Opt-in backends layer on richer data and models:

  • use_neural_pipeline (the [neural] extra) loads the joint neural model — one pass serving UPOS, full morphology (UD FEATS), UD dependency trees, and lemmas, state of the art on the UD Ancient Greek benchmarks (measured numbers in docs/benchmarks.md). Once active, pos_tag/pos_tags, lemmatize, parse, and pipeline all use it.
  • use_treebank (Perseus AGDT) supplies attested, correctly-accented lemmas and full features for known forms.
  • use_lsj (Perseus Liddell-Scott-Jones) provides glossing (gloss/lookup).
  • use_parser (parse; arc-eager + averaged perceptron, trained on the AGDT) is a projective dependency parser (~0.67 UAS / 0.57 LAS).
  • use_tagger is an averaged-perceptron POS tagger (~84% on unseen forms).
  • use_lemmatizer is an edit-tree lemmatizer (~40% on unseen forms).
  • use_neural_lemmatizer (the [neural] extra) is a GreTa T5 seq2seq model served as int8 ONNX without torch; it pairs a gold lookup with seq2seq decoding and reaches 76.3% on unseen forms. lemmatize cascades neural pipeline -> treebank -> neural -> edit-tree -> seed.
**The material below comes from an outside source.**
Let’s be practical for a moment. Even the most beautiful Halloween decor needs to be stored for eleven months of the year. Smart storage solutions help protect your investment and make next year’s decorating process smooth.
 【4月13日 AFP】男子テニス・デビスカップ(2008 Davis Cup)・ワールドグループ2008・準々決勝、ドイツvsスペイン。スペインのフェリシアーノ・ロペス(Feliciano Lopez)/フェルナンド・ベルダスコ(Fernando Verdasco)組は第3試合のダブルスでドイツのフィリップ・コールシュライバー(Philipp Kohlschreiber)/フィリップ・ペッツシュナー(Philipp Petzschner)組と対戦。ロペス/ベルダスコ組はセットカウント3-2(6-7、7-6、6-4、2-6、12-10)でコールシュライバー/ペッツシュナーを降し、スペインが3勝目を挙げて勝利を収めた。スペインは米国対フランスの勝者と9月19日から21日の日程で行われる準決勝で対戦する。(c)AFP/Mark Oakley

Every stage is a plain function so it can be used standalone::

from aegean import greek
greek.betacode_to_unicode("mh=nin")      # 'μῆνιν'
greek.syllabify("ἄνθρωπος")              # ['ἄν', 'θρω', 'πος']
greek.accentuation("λόγος").classification  # 'paroxytone'
greek.pipeline("ἐν ἀρχῇ ἦν ὁ λόγος.")    # per-token records, one call

AccentInfo dataclass

AccentInfo(syllables: tuple[str, ...], accent_type: str | None, position_from_end: int | None, classification: str | None)

The accent analysis of one word.

Analysis dataclass

Analysis(lemma: str, pos: str, case: str | None = None, number: str | None = None, gender: str | None = None, tense: str | None = None, voice: str | None = None, mood: str | None = None, person: str | None = None, degree: str | None = None, lemma_certain: bool = True)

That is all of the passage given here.